Он умолк, поднял брови, насупился, сел, а я посмотрел вправо и влево. Лица стали значительно скорбными, взгляды — тяжелыми и ресницы поникли, — тужились понять смысл произнесенных слов.
Окна из бледных стали светлыми, просветлел зал; медленно, словно ценя каждое свое движение, поднялась среди всех девушка с приветливыми глазами на овальном лице, в черном шелковом платье, гибкая, высокая, болезненная и прекрасная.

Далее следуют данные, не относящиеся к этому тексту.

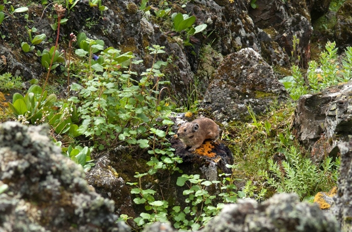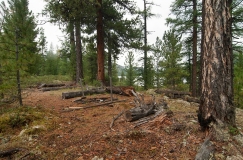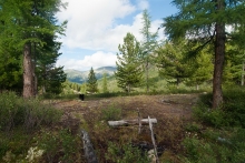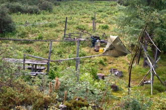 Продолжаем путь, в надежде заночевать на самом южном конце Хара-Нура, но тропа начинает все сильнее удаляться от озера, обходя высокую лавовую платформу. Как оказалось, больше Хара-Нура мы в этом походе не увидим. К девяти вечера достигаем стоянки перегонщиков скота на пологой лесной террасе сбоку от лавового поля, со столом и нарами из жердей, каркасом для тента, и хорошо удобренной коровками поляной вокруг. По карте где-то здесь должен быть источник воды (к озеру выйти мы уже и не надеемся), последний на участке от Хара-Нура до Хакты (до которой сегодня тоже дойти уже не успеваем). Не очень ровно, но жить можно. Встаем на ночевку прямо здесь, а ручей, низвергающийся с левого борта долины узким водопадом,  обнаруживается в ста метрах ниже по тропе. Рядом со стоянкой есть сравнительно пологий выход на лавовое поле, рельеф которого здесь еще более “горный”, чем у Харганаты. Снова слышен веселый свист пищух, а вскоре и сами сеноставки не замедляют показаться. За день пройдено 13 километров. Седьмой ходовой день закончен.   Наш лагерь рядом с летником
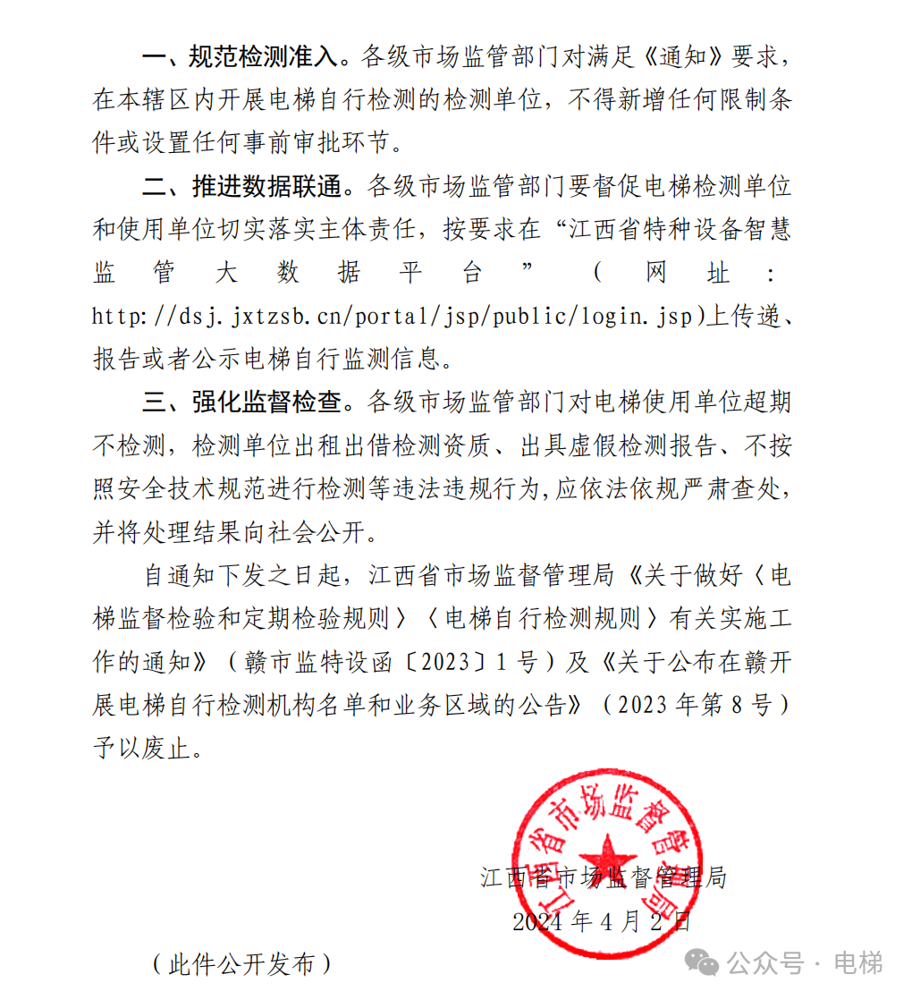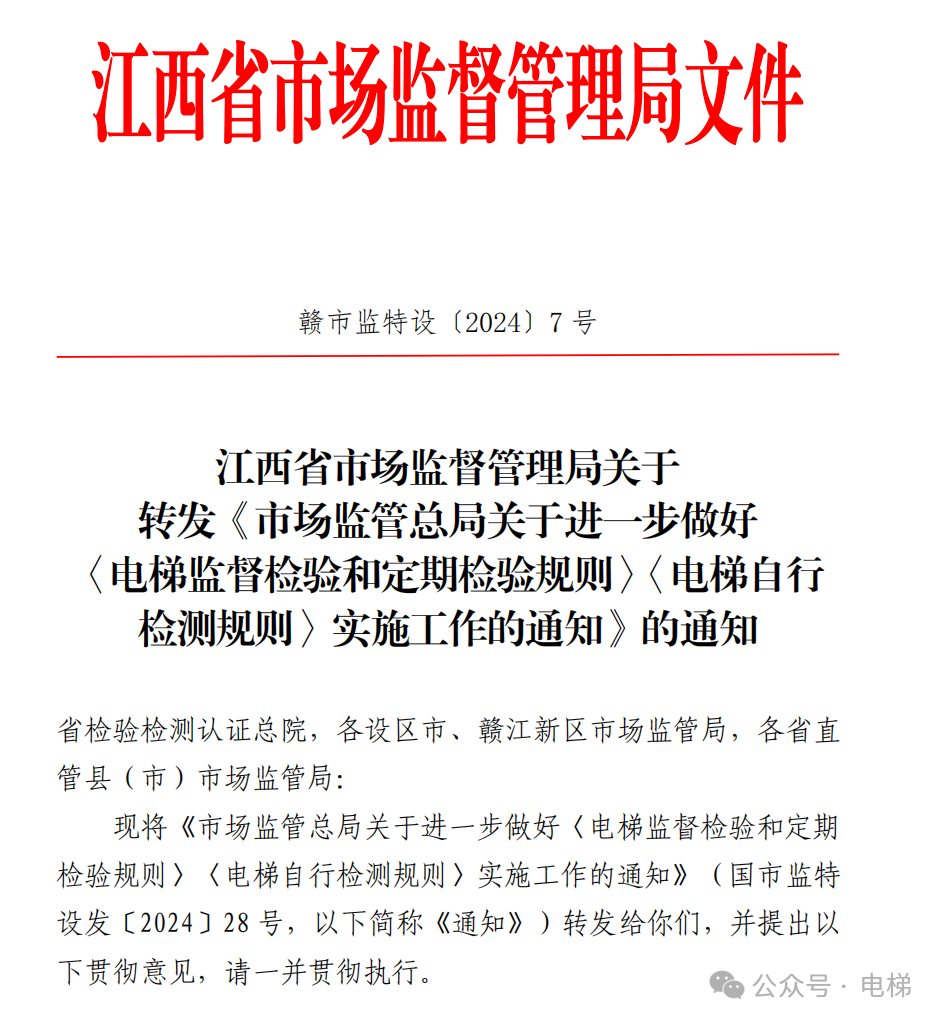 2024年4月2日,江西省市場(chǎng)監(jiān)督管理局下發(fā)了關(guān)于電梯新檢規(guī)和電梯檢測(cè)的文件。江西對(duì)國(guó)家市場(chǎng)監(jiān)督管理總局的文件落實(shí)的是目前全國(guó)最徹底的一個(gè),沒(méi)有增加什么條件,頓時(shí)引來(lái)了一批電梯檢測(cè)為其喝彩,為其點(diǎn)贊。

Шевнер вился около нее, скаля зубы, а она смотрела на него добродушно, почти материнским взглядом; тут я не выдержал; умиленный, зачумевший, сытый удачей, я твердо встал и, горячась, потому что вялым тоном таких вещей не предлагают, сказал:
— Русские цветы, взращенные на отравленной алкоголем, конституцией и Западом почве! Я предлагаю снизойти до меня и наполнить все рестораны звонким разгулом. Денег у меня много, я выиграл пятьдесят тысяч!
— Он прекрасный человек! — закричал Шевнер с вытянутым лицом. — У него гениальная шишка! Я вас познакомлю… Да здравствует просвещенный читатель!
Я очутился в тесном кругу, мне шутливо жали руку, и кто-то сказал: «Джек Гэмлин!» Высокая девушка стояла позади всех, я рвался к ней, но крепко стиснутый Шевнером локоть мой ныл зубной болью, а молодой студент, толстый, деревянно хохоча, гладил меня по жилету. Жаркое солнце, не выспавшись, облило нас пыльным, дрянным светом; полинялые, замузганные бессонницей, вышли мы все, толкаясь в дверях, и, пройдя к лестнице, рделись внизу, вышли на панель, где с закружившимися от свежего воздуха головами попарно расселись на извозчиков. Толкаясь впереди всех, я завладел смущенно улыбавшейся, трезвой, высокой девушкой, и мы с ней поехали сзади всех. На пустых улицах бродили дворники, подметая тротуары. Светлая пустота перспектив, с ясным небом, облитым солнцем, ставнями запертых магазинов, казалась мне особого рода искусственным освещением, придуманным для разнообразия ночи.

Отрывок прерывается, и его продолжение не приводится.